Put simply, an electronic signature is similar to a digitized handwritten signature verified with the signer’s identity such as email, corporate ID, or phone number. A digital signature, on the other hand, is more secure and tamper-evident. The document is encrypted and information is permanently embedded, so if a user tries to commit any changes to the signed documents, then the digital signature will be invalidated.
Several countries have written laws to define an electronic signature. For example, the ESIGN Act of the U.S. defines it as a sound, symbol, or mark, made with the intent to sign. Only a few electronic signature services combine electronic signature capture processes with digital signature authentication technology to give a record of the agreement that is court admissible with strong evidential weight.
Digital signatures employ the industry-standard technology called PKI or public key infrastructure that ensures data authenticity and integrity. PKI uses an algorithm to generate two keys – one public and another, private. For a digital signature to serve as proof of authenticity, integrity, and identity, it needs matching cryptographic hashes.

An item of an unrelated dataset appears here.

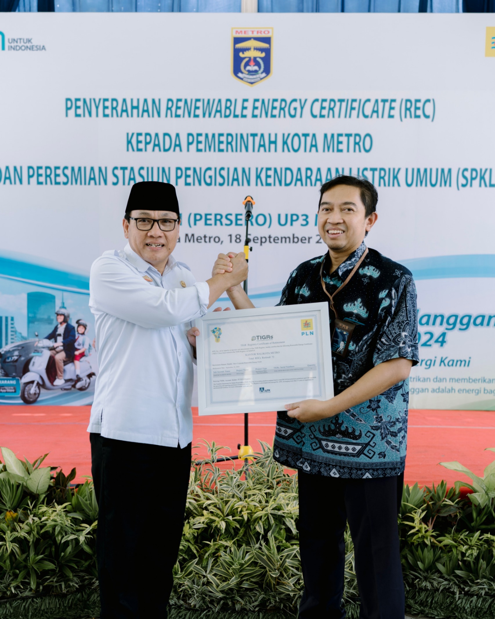 Metro, 19 September 2024 – PT PLN (Persero) Unit Induk Distribusi (UID) Lampung terus bersinergi dengan Pemerintah Kabupaten/Kota di Provinsi Lampung dalam mendukung penggunaan Energi Baru Terbarukan (EBT). Hal ini diwujudkan dengan penyerahan Renewable Energy Certificate (REC) kepada Pemerintah Kota Metro yang kini secara resmi telah menjadi pemerintah daerah pertama di Lampung yang menggunakan 100 persen energi bersih.

When a signer signs the digital documents, a cryptographic hash is generated – let’s call it Hash1. This Hash1 is encrypted and attached to electronic documents with the help of the sender’s private key. The receiver opens the digital documents by decrypting the encrypted hash (Hash1) with the sender’s public key certificate. A cryptographic hash is generated again on the recipient’s end – let's call it Hash2. When Hash1 and Hash 2 match, it confirms that the electronic documents have not been tampered with and are legally valid.

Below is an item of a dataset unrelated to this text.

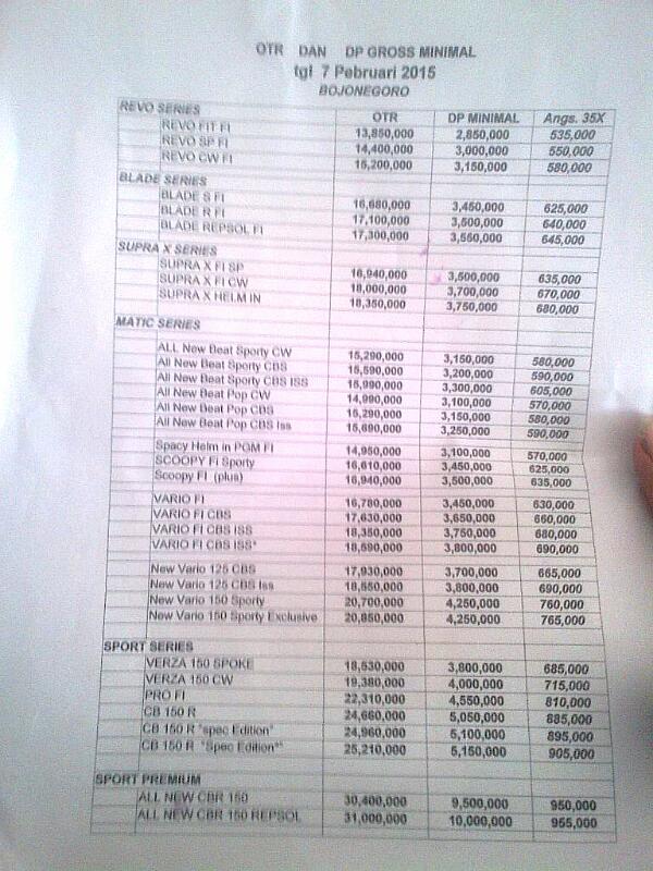 Moga membantu. Harga tersebut di dealer SGM motor Kapas Bojonegoro.

Creating a digital signature is very easy. All you need to do is authenticate as per the Certificate Authority’s requirements when you receive a document for signing via email and proceed to “sign.” Most of the eSignature providers walk you through the entire process.
Yes, they are legal in several countries around the world. Various regions including the European Union and countries, including the U.S., UK, France, Australia, Singapore, Germany, Switzerland, and more have enacted regulations for eSignatures. Visit our legal page for more information on region-specific laws.
PKI is key to creating digital signatures. Each digital signature transaction is carried out with a set of two keys – one public and one private. PKI holds the critical information on the cryptographic public keys that are connected to a digital certificate, which authenticates the device or user sending the digital communication.
A Certificate Authority (CA) is a third-party organization responsible for ensuring the security of keys that generate digital certificates. As digital signatures rely on public and private keys, they need to be protected to ensure safety and avoid malicious use. Both the sender and the recipient must agree to use a CA.
A digital certificate is an electronic document you get from a CA. It contains the public key for a digital signature request and specifies the identity associated with a public key. The resulting digital certificate then authenticates the proof of identity of the public key, such as the name of the organization. The digital certificate is valid only for a specified time.